■ Problem requirements ■
Leave out the pictures and retype, exactly, the lines below from the line with "Combining photographic documentation" up to and including the line with "September 27 |", nothing more.

■ Input records ■
________________________

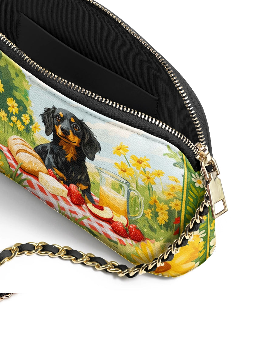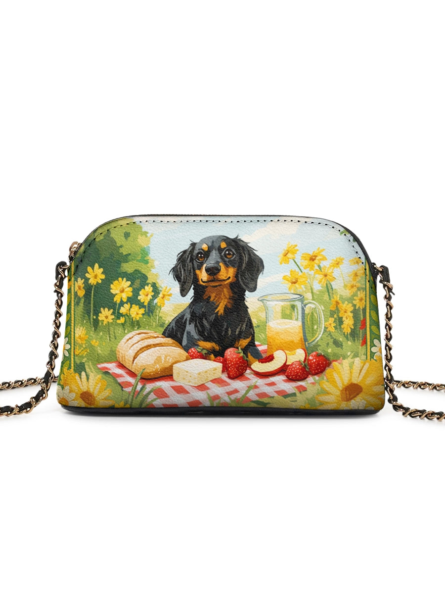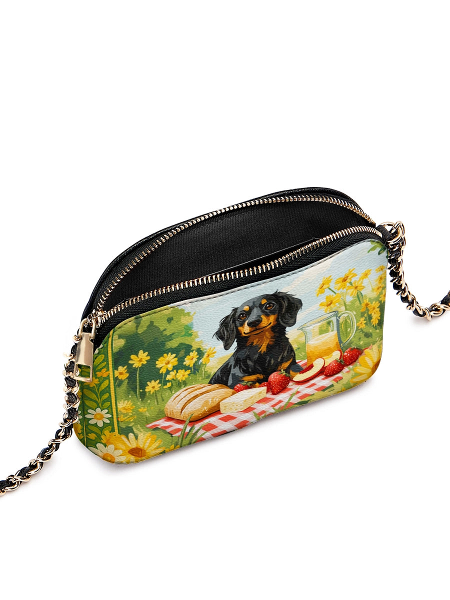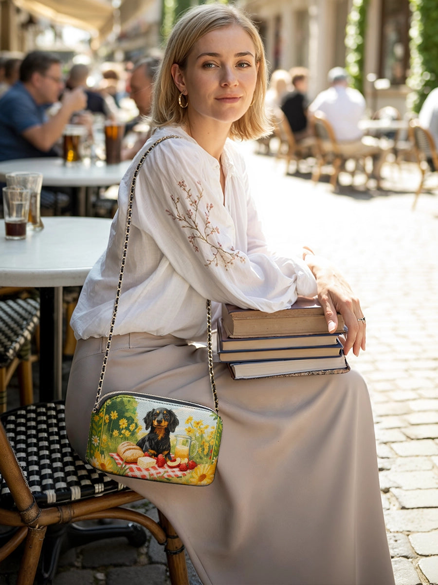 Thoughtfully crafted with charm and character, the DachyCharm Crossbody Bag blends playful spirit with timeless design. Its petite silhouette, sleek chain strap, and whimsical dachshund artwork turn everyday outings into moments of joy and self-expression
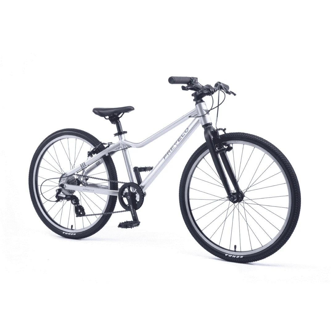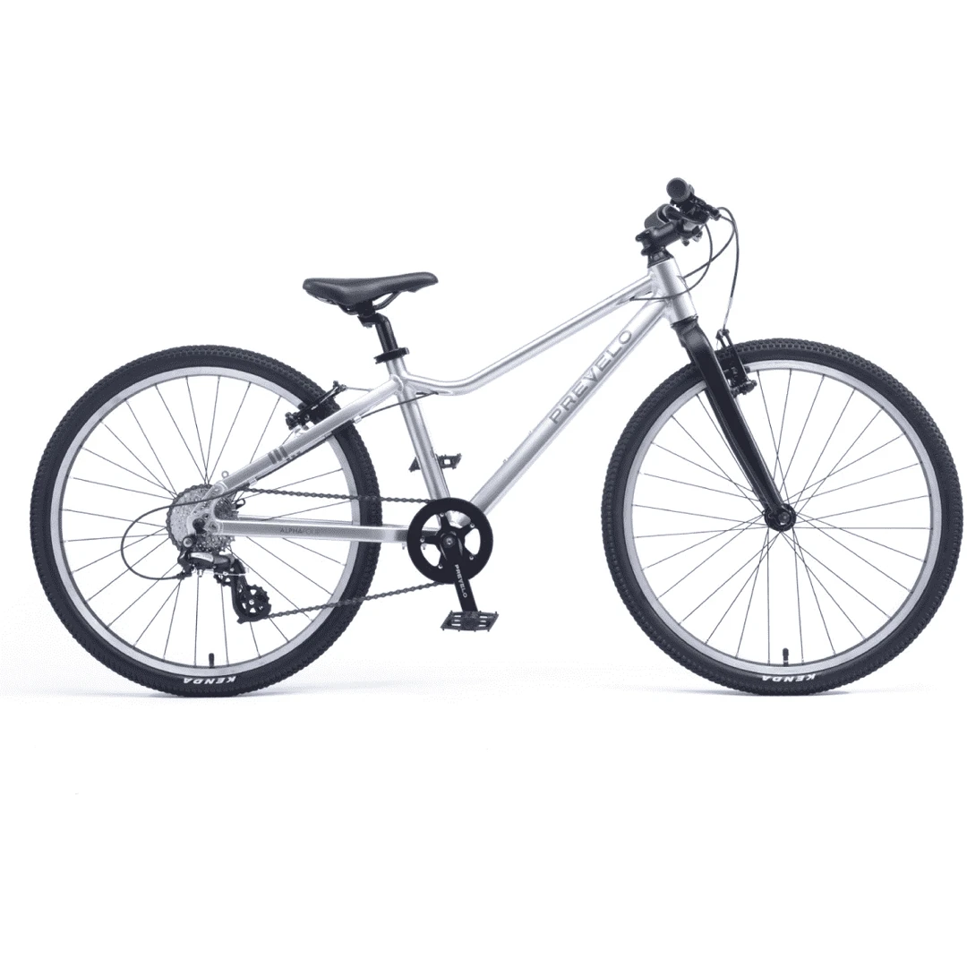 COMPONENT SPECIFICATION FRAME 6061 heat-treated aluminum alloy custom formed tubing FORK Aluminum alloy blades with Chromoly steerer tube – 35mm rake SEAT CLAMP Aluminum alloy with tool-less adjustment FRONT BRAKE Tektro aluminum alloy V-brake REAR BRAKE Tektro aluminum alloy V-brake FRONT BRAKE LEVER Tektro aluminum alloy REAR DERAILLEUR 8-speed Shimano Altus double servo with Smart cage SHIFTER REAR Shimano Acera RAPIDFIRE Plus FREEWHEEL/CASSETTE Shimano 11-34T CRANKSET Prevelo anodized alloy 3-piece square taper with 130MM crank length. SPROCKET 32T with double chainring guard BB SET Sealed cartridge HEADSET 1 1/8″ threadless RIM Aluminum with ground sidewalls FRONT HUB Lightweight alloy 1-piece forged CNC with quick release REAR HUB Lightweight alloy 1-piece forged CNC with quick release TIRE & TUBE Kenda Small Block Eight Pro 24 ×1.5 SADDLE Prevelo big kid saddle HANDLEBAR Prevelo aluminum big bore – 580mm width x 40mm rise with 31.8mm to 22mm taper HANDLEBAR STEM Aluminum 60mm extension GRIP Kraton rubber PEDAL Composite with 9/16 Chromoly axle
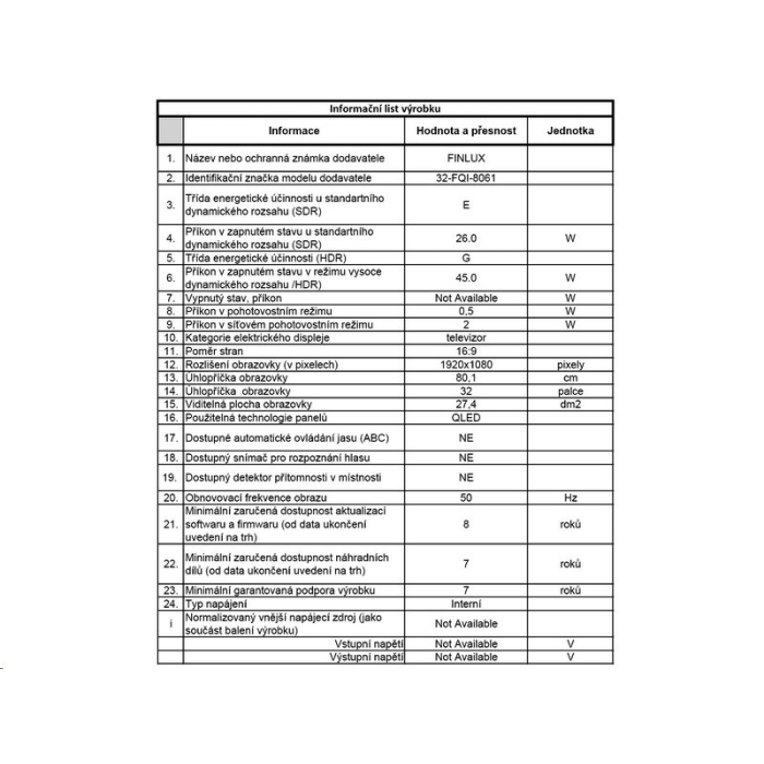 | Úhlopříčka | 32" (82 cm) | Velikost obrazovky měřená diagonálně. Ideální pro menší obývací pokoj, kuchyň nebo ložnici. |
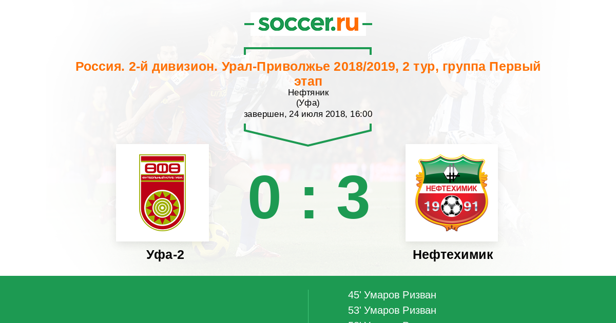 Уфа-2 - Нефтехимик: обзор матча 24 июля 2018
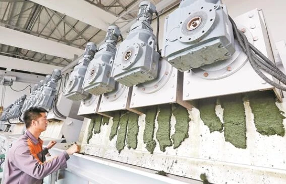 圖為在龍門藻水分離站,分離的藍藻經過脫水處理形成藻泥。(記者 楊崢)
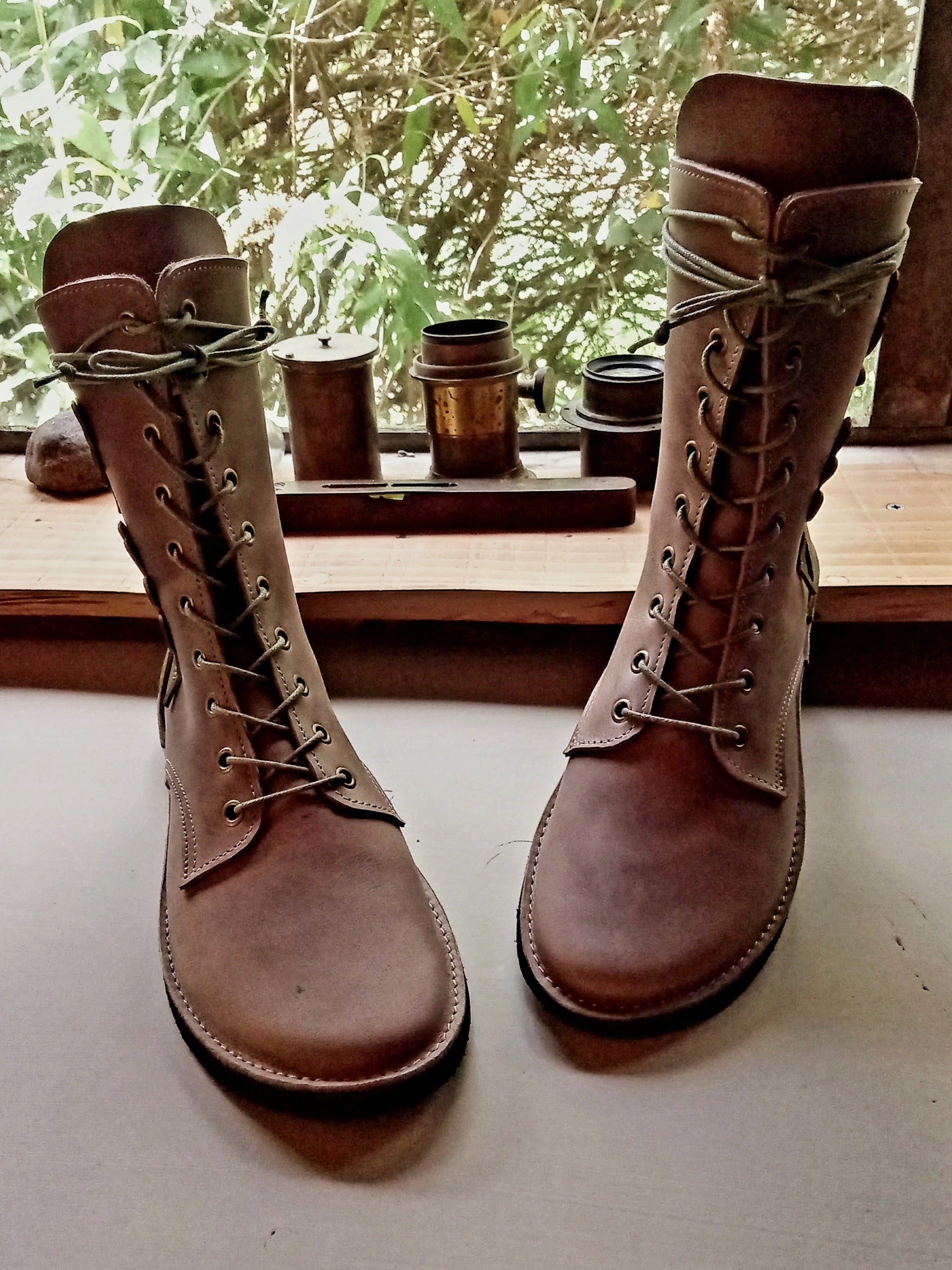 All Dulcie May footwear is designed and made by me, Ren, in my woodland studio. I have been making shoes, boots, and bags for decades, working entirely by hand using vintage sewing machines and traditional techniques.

________________________

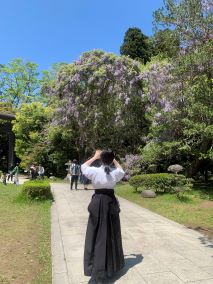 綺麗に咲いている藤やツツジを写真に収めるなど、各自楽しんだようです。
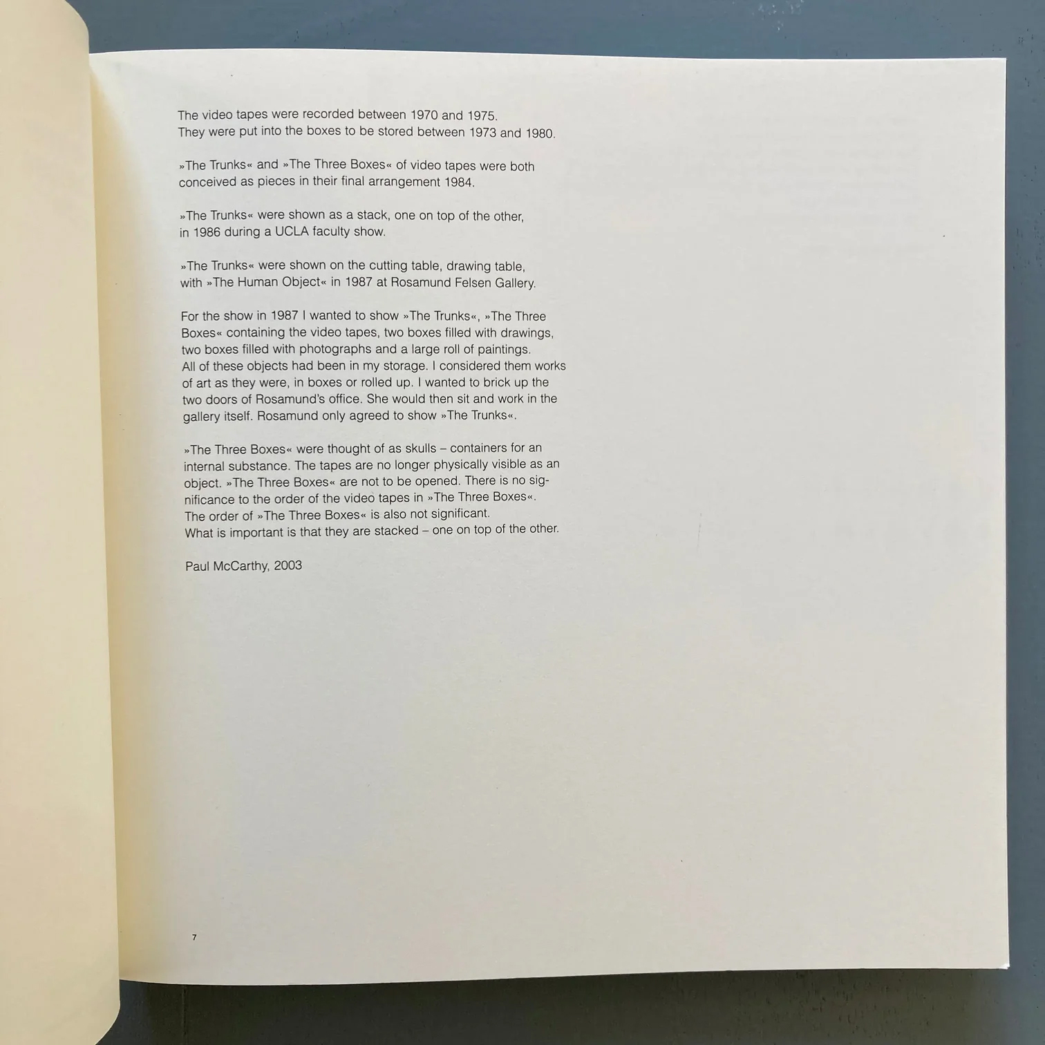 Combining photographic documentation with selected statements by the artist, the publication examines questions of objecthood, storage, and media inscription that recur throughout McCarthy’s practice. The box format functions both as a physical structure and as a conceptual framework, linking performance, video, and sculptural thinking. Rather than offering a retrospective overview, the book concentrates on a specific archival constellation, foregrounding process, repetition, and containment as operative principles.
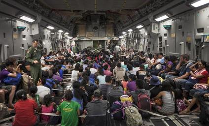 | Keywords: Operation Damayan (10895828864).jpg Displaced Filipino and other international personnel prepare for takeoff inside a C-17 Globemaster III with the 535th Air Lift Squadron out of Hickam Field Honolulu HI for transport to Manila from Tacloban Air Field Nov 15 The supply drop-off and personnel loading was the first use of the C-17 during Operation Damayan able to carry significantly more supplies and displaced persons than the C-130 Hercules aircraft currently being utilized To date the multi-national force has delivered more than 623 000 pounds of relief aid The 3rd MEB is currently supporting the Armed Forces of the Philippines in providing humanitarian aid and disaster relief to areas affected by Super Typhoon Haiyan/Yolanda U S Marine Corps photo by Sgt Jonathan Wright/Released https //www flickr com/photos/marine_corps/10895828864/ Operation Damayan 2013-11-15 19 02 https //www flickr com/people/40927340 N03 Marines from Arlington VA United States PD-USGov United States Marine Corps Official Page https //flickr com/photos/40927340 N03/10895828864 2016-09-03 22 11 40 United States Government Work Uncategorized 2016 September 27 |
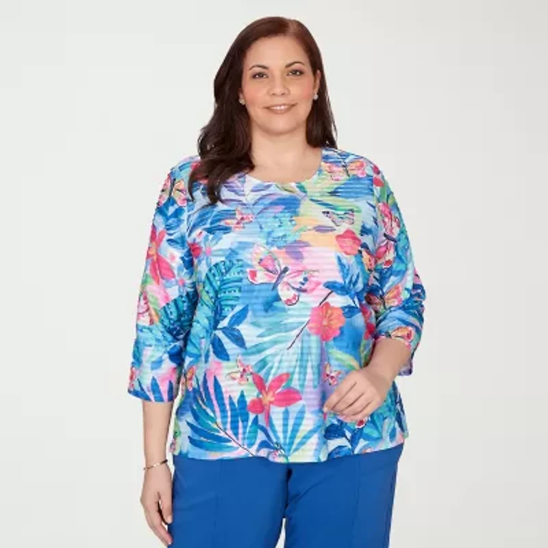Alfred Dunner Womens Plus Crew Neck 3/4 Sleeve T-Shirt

________________________

■ Solution to this problem ■
 Combining photographic documentation with selected statements by the artist, the publication examines questions of objecthood, storage, and media inscription that recur throughout McCarthy’s practice. The box format functions both as a physical structure and as a conceptual framework, linking performance, video, and sculptural thinking. Rather than offering a retrospective overview, the book concentrates on a specific archival constellation, foregrounding process, repetition, and containment as operative principles.
 | Keywords: Operation Damayan (10895828864).jpg Displaced Filipino and other international personnel prepare for takeoff inside a C-17 Globemaster III with the 535th Air Lift Squadron out of Hickam Field Honolulu HI for transport to Manila from Tacloban Air Field Nov 15 The supply drop-off and personnel loading was the first use of the C-17 during Operation Damayan able to carry significantly more supplies and displaced persons than the C-130 Hercules aircraft currently being utilized To date the multi-national force has delivered more than 623 000 pounds of relief aid The 3rd MEB is currently supporting the Armed Forces of the Philippines in providing humanitarian aid and disaster relief to areas affected by Super Typhoon Haiyan/Yolanda U S Marine Corps photo by Sgt Jonathan Wright/Released https //www flickr com/photos/marine_corps/10895828864/ Operation Damayan 2013-11-15 19 02 https //www flickr com/people/40927340 N03 Marines from Arlington VA United States PD-USGov United States Marine Corps Official Page https //flickr com/photos/40927340 N03/10895828864 2016-09-03 22 11 40 United States Government Work Uncategorized 2016 September 27 |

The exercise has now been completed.